Повторяю, цветы эти бывают разные. Тут и романтика бегства в какую-нибудь готовую или специально избранную религию или мистическую систему, тут и прославление «искусства для искусства», и стремление укрыться от жестокой действительности в мечты Бодлеров: «хочешь, будем видеть сны»1 тут, наконец, и чистое искусство, — не просто как более или менее рыхлая мечта, а как любимое мастерство, в формальное совершенство которого человек вливает все свои лучшие силы. И часто, отдаваясь такому мастерству и прежде всего забывая свою тоску в увлекательной работе над совершенствованием своего стиля, художник все же мстит одновременно своей эпохе и делает тот или другой род карикатур (гиперболических, фантастических или иногда очень точных) содержанием своих упражнений в мастерстве.
Можно было бы, конечно, перечислить много других, гораздо менее благородных и бескорыстных извращений крупного человека, попавшего в эпоху безвременья. Оно толкает их иногда на какие-нибудь подлые аферы, на грязную службу господам положения ради того, чтобы получить средства для роскоши, подчас утопить в разгуле все ту же гнетущую этих людей тоску. Безвременье может толкнуть выдающегося человека на всякие преступления. Часто крупные люди эпохи безвременья носят на себе поэтому черты чудачества или даже порока.
Мериме является одновременно и очень типичным, и очень своеобразным, при этом чудесным цветком безвременья. Читатель, который прочтет этюд А. К. Виноградова о нем2, найдет там достаточно материала для суждения об этом безвременье.
Проспер Мериме родился в 1803 году, жил в эпоху буржуазной реакции и умер приблизительно в дни Коммуны3. Политическая жизнь не прельщала его никак, несмотря на его прочный атеизм и ненависть к буржуазии. Он имел только две позиции по отношению к политике: презрительно поворачиваться к ней спиной или, скрываясь под презрительной улыбкой, служить той или другой господствующей силе ради удобств жизни.

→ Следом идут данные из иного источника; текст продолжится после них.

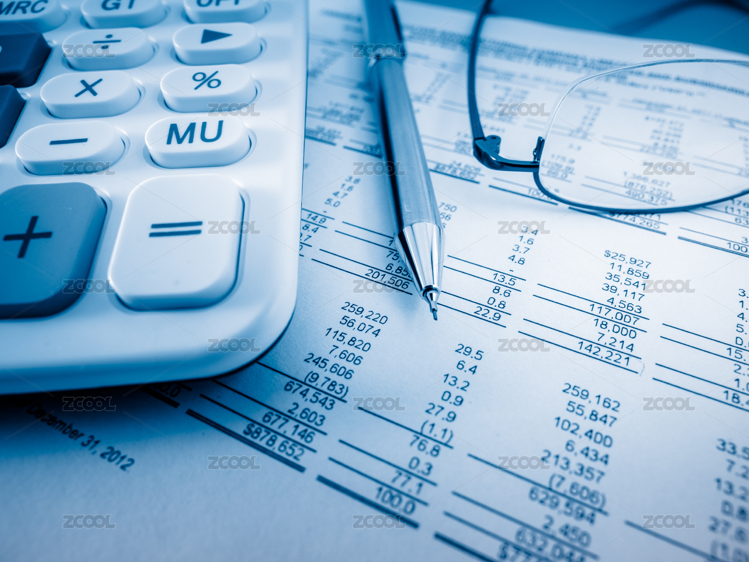 特写办公场景办公桌上放着计算器笔记本签字笔等办公用品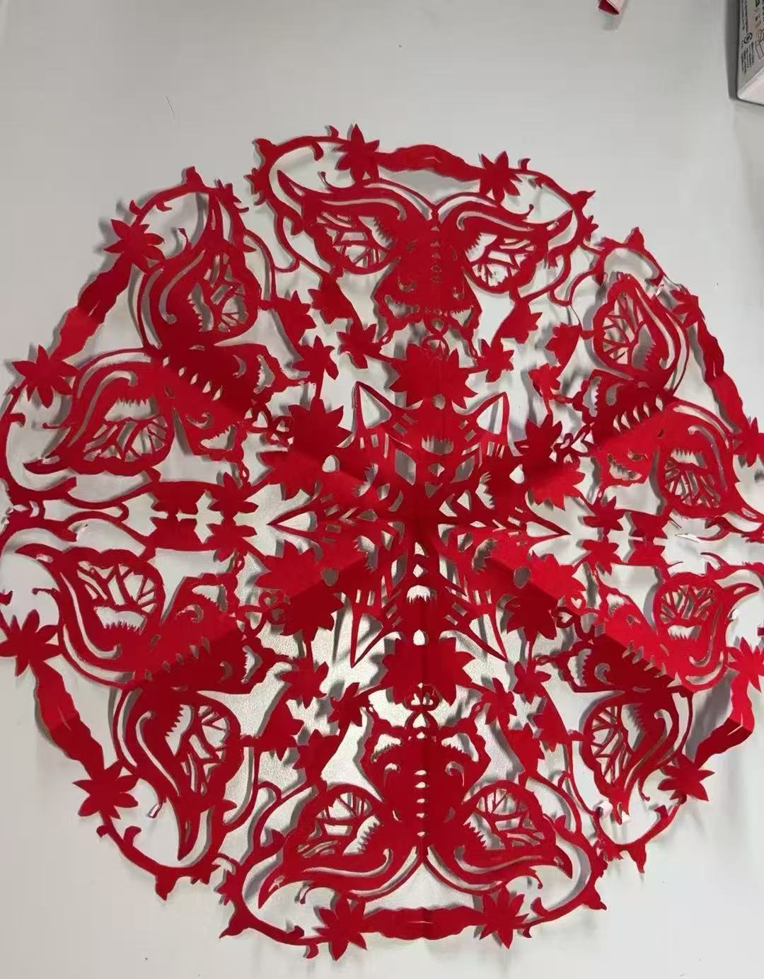 活动期间,大家分工明确、默契十足,同步推进创作。负责图案设计的同学,翻找传统纹样资料,结合宿舍特色勾勒草图;专注裁剪的同学,指尖翻飞间,红纸在剪刀下逐渐成型,喜鹊登梅、年年有余等经典图案线条流畅,尽显传统韵味;同学们发挥文史专业优势,将诗词意象、历史典故融入设计,让窗花兼具美感与文化底蕴。创作间隙,大家会互相展示进度、交流技巧,遇到复杂纹样就一起讨论解决方案,始终保持着紧密的创意联结,每一幅作品都凝聚着宿舍成员的共同思考与心血。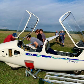 Nach der ersten Nacht im Ferienquartier wurden dann am Samstagmorgen die Flugzeuge aufgerüstet und an den Start geschoben. Denn es ist gute Thermik vorhergesagt und schließlich stecken wir durch das bisherige Wetter und personelle Ausfälle über das Jahr hinweg voll im Abstiegskampf der diesjährigen Bundesligasaison. Also ging es hochmotiviert in die Luft. Den ersten Däpfer gab es aber nach kurzer Zeit als Dominik mit der LS7 in Hoyerswerda auf dem Flugplatz Nardt landen musste. Nachdem Hacki zum Rückschlepp vorbeikam ging es wieder in die Luft und in einem Jojo über dem Truppenübungsplatz Oberlausitz, welcher am Wochenende nicht benutzt wurde und somit frei nutzbarer Luftraum war, auf Punktejagd. Daneben war noch Bernhard und Otto im Arcus unterwegs und auch Carsten steuerte einen kleinen Flug zum Tagesergebnis bei. Dieses fiel mit dem vorläufigen 23. Platz aber alles andere als erfreulich aus, was auch dadurch beding war, dass Ludwigs flug aufgrund von technischen Problemen nicht ausgelesen werden konnte.

У Мериме не могло быть никаких идеалов. Если у него проглядывают порою элементы общественного чувства, то это всегда только остатки каких-то убеждений, перешедших к нему от эпохи революции через мать4. Он не придает им существенного значения. Являясь следующей за Стендалем ступенью горьких выводов после поражения революции, он, в сущности, чуждается идеалов, чуждается какой бы то ни было тенденции. Он чрезвычайно горек именно потому, что он от всего оторван, бесконечно одинок. Из этого одиночества, однако, в своей самозащите он делает предмет гордости. Он эготист, как Стендаль5. Под маской холодного ума тщательно скрывает он свои чувства. Он денди, он идет с высоко поднятой головой, как будто не замечая людей вокруг себя, ценя и любя свое мастерство и мастерство чужое. Он тщательно взвешивает свое творческое критическое слово, но как будто не для читателя, а для себя самого. Над читателем он любит подтрунивать, смотреть на него издалека, мистифицировать его. К читателю обращена насмешливая, гримасничающая маска его произведений, и, может быть, к далекому только читателю, более совершенному, обращено серьезное лицо мастера, с невероятной тщательностью шлифующего свои произведения.